* Activity: Take the records below and set down exactly the lines from the one with "Для запоминания величины" to the one with "Two bedroom cottage", ends included; do not copy the pictures.

* Records for the task:
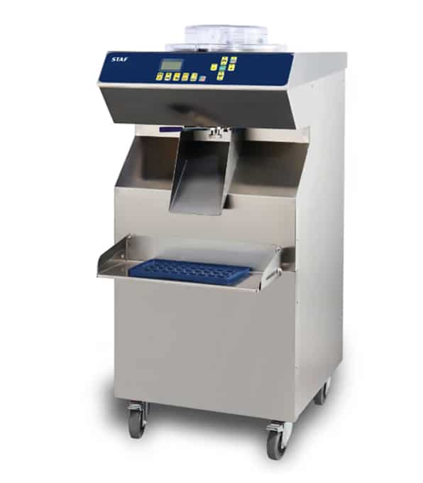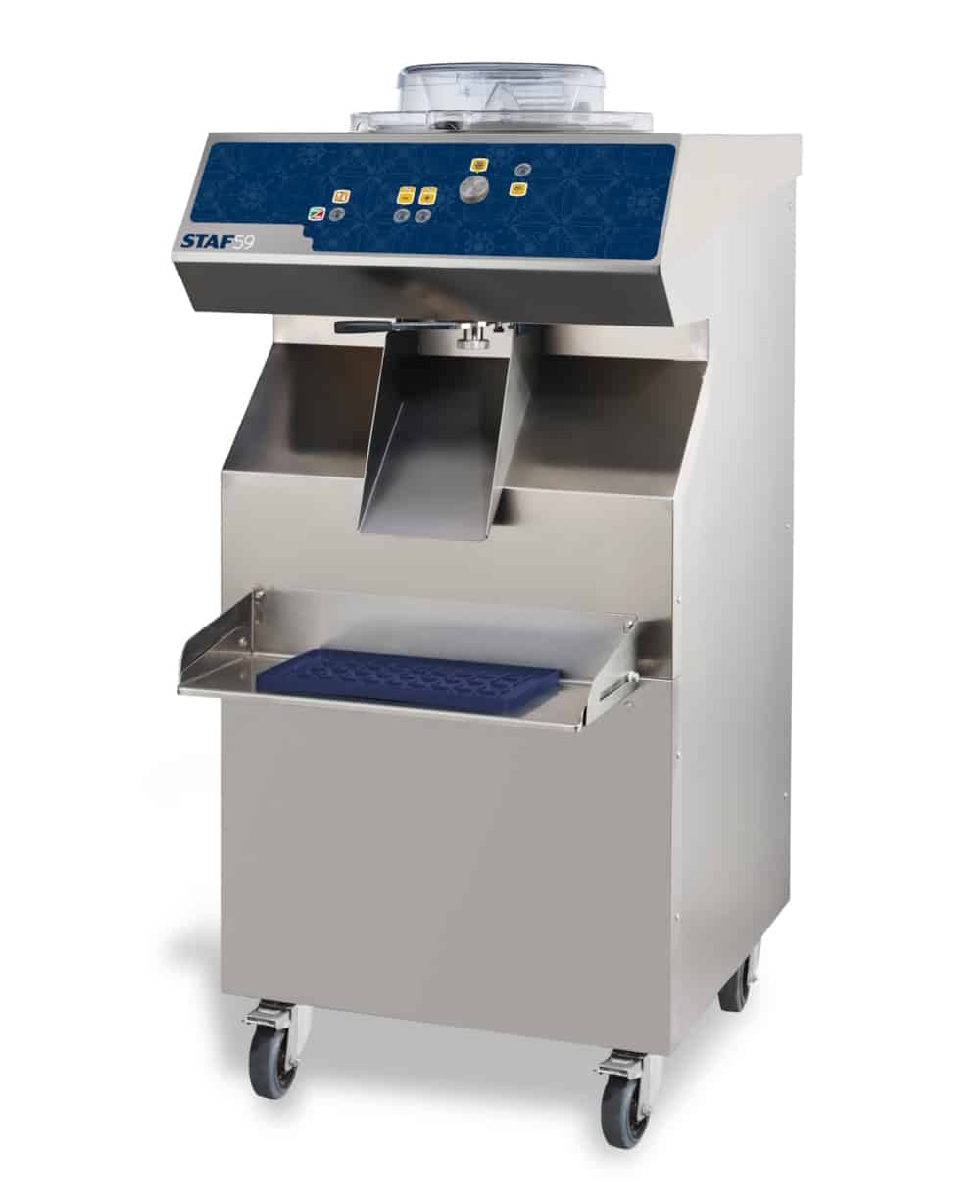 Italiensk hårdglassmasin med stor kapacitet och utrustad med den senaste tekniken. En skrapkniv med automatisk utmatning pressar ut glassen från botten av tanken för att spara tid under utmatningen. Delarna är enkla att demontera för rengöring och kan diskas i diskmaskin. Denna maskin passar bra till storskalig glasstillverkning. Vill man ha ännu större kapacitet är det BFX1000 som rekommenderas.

==

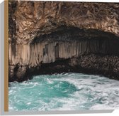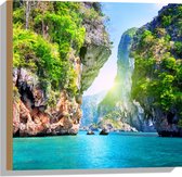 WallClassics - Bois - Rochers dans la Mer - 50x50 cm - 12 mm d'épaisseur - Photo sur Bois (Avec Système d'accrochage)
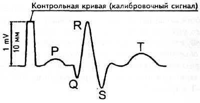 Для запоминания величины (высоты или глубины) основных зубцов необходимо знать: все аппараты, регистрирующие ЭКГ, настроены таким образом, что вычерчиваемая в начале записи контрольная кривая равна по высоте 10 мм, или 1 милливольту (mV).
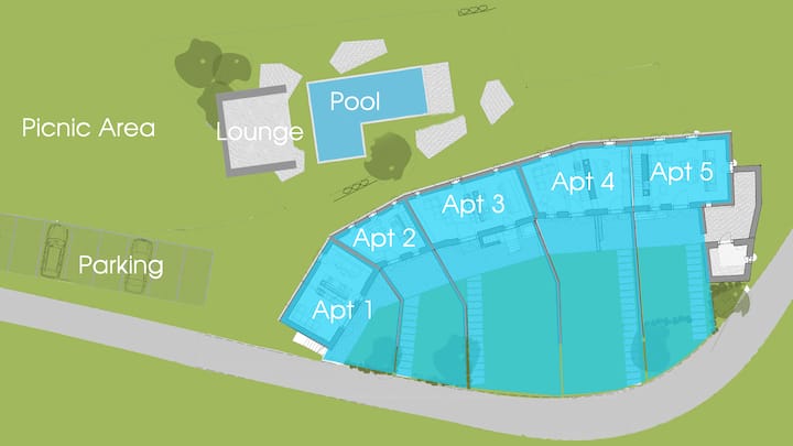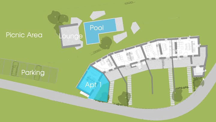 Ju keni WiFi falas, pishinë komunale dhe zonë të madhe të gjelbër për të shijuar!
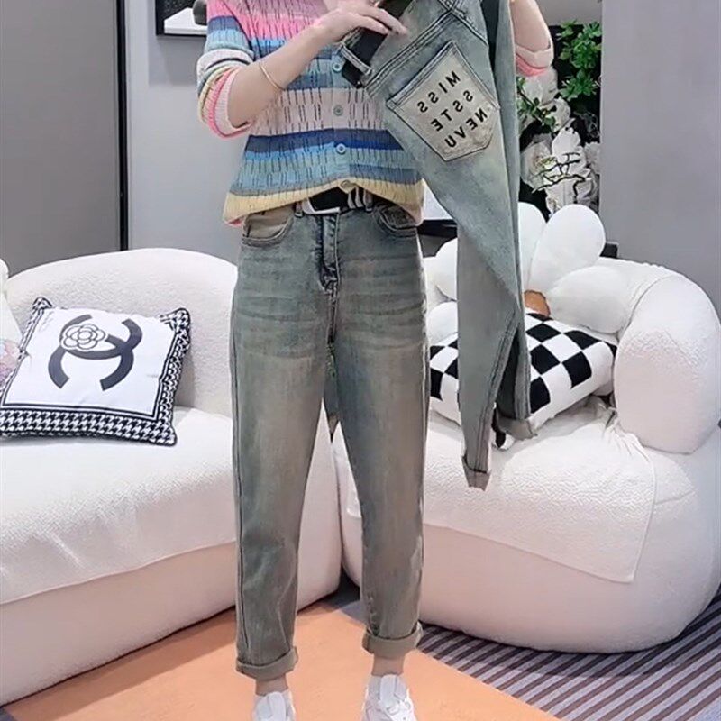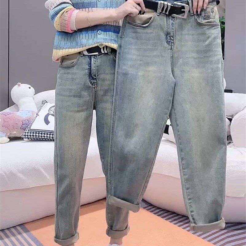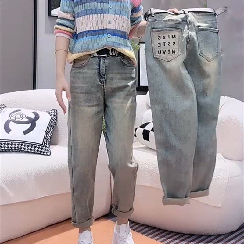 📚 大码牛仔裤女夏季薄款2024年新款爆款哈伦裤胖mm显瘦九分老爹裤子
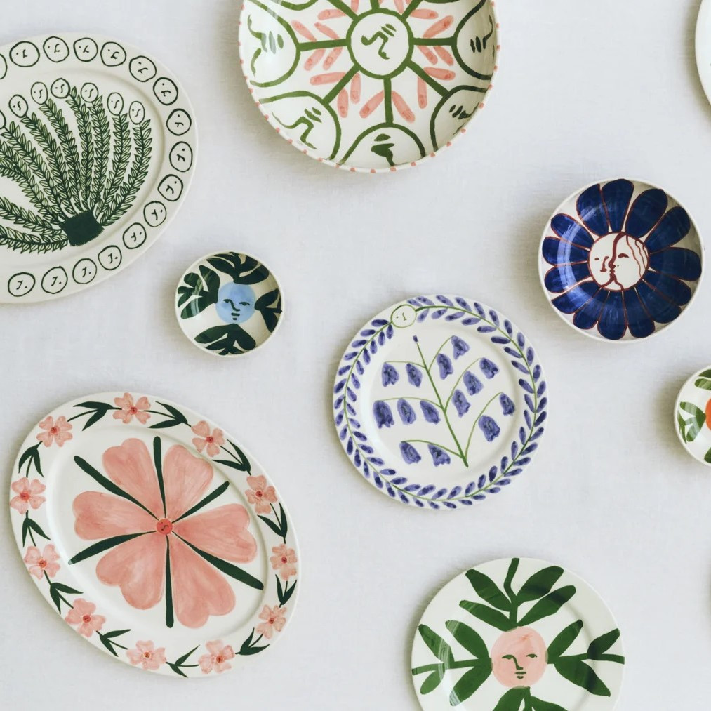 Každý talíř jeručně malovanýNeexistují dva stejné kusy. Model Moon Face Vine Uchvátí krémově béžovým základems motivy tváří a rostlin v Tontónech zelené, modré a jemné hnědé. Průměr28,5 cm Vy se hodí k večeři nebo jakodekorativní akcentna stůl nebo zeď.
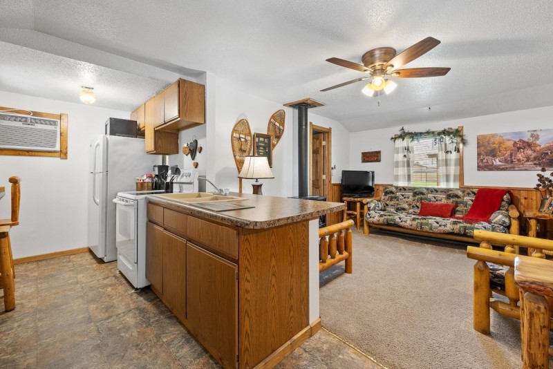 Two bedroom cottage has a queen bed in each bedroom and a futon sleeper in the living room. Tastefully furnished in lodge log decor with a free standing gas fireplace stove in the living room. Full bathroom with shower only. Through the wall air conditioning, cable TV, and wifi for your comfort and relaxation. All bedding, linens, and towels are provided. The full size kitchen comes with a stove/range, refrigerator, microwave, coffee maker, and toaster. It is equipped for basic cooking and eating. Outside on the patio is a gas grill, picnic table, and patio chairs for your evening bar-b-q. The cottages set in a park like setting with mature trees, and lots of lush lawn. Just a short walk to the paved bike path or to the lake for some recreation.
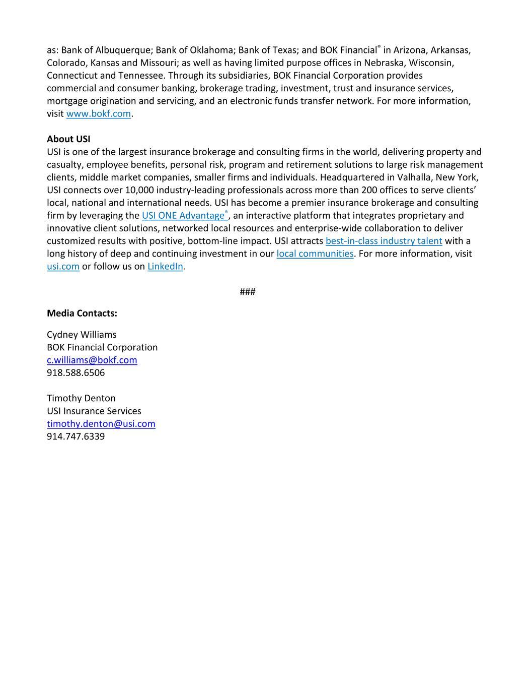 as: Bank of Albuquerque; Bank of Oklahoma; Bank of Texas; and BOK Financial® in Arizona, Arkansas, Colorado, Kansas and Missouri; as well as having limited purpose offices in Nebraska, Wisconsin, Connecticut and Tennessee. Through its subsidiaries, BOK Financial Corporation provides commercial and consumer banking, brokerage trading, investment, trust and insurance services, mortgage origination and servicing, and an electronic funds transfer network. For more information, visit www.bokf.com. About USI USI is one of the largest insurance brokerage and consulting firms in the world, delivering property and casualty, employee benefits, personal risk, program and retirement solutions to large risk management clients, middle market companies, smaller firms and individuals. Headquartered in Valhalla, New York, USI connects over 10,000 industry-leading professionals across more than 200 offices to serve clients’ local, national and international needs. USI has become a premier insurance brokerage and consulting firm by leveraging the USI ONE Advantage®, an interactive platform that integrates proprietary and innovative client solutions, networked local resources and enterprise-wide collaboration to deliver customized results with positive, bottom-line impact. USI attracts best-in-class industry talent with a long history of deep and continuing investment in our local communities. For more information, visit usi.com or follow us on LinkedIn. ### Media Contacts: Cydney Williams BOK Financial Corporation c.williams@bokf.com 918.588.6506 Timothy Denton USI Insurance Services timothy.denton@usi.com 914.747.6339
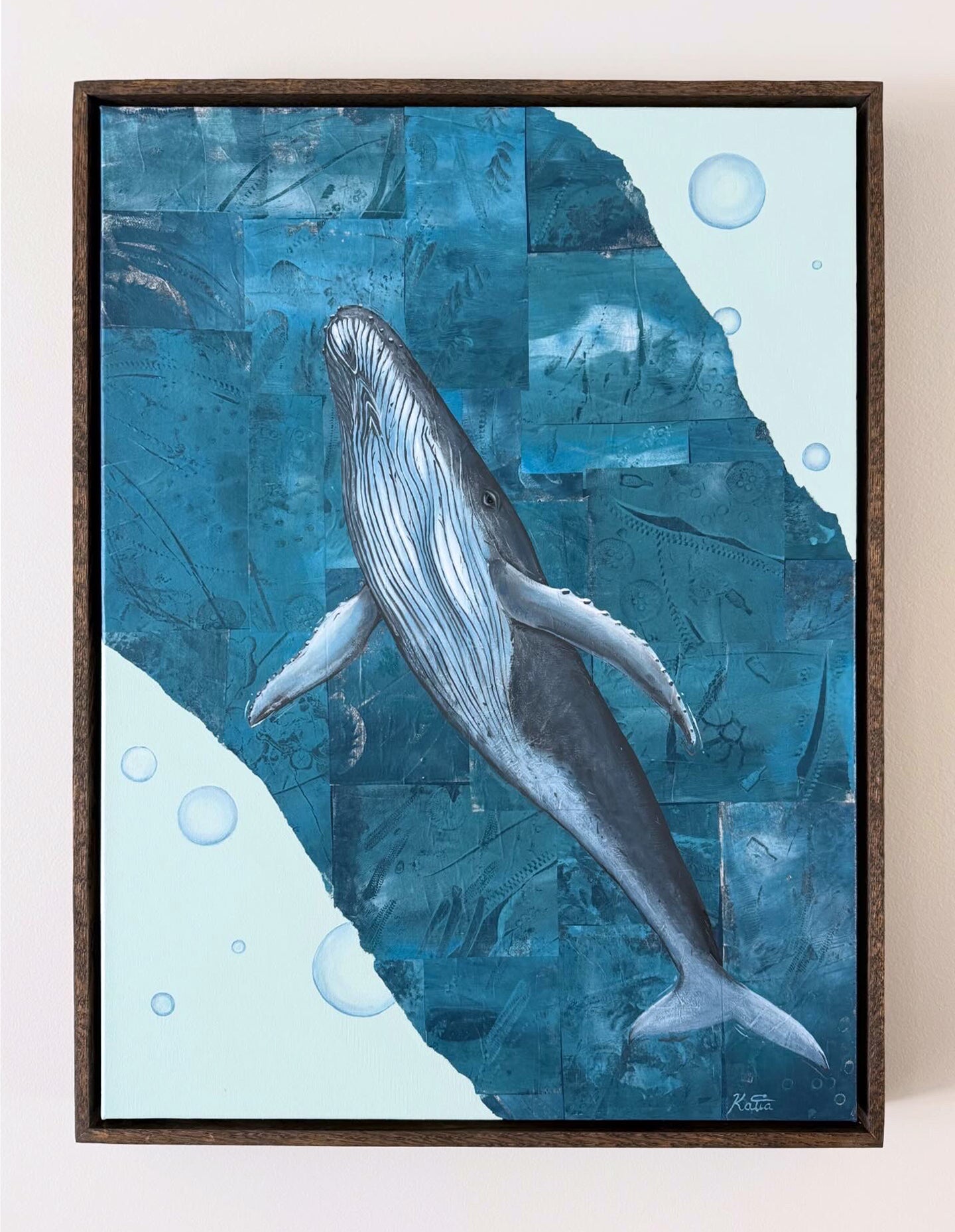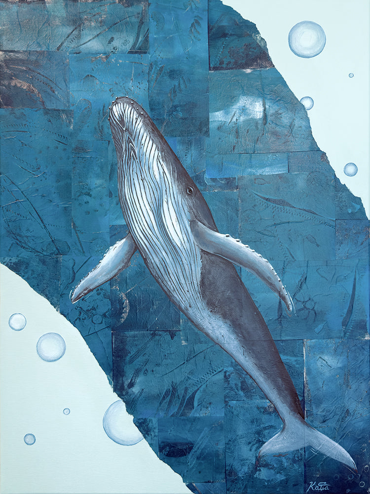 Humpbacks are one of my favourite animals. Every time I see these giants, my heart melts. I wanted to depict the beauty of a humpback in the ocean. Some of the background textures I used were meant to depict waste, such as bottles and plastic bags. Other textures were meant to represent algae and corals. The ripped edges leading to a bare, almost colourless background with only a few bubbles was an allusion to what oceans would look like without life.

* Solution for this exercise:
 Для запоминания величины (высоты или глубины) основных зубцов необходимо знать: все аппараты, регистрирующие ЭКГ, настроены таким образом, что вычерчиваемая в начале записи контрольная кривая равна по высоте 10 мм, или 1 милливольту (mV).
 Ju keni WiFi falas, pishinë komunale dhe zonë të madhe të gjelbër për të shijuar!
 📚 大码牛仔裤女夏季薄款2024年新款爆款哈伦裤胖mm显瘦九分老爹裤子
 Každý talíř jeručně malovanýNeexistují dva stejné kusy. Model Moon Face Vine Uchvátí krémově béžovým základems motivy tváří a rostlin v Tontónech zelené, modré a jemné hnědé. Průměr28,5 cm Vy se hodí k večeři nebo jakodekorativní akcentna stůl nebo zeď.
 Two bedroom cottage has a queen bed in each bedroom and a futon sleeper in the living room. Tastefully furnished in lodge log decor with a free standing gas fireplace stove in the living room. Full bathroom with shower only. Through the wall air conditioning, cable TV, and wifi for your comfort and relaxation. All bedding, linens, and towels are provided. The full size kitchen comes with a stove/range, refrigerator, microwave, coffee maker, and toaster. It is equipped for basic cooking and eating. Outside on the patio is a gas grill, picnic table, and patio chairs for your evening bar-b-q. The cottages set in a park like setting with mature trees, and lots of lush lawn. Just a short walk to the paved bike path or to the lake for some recreation.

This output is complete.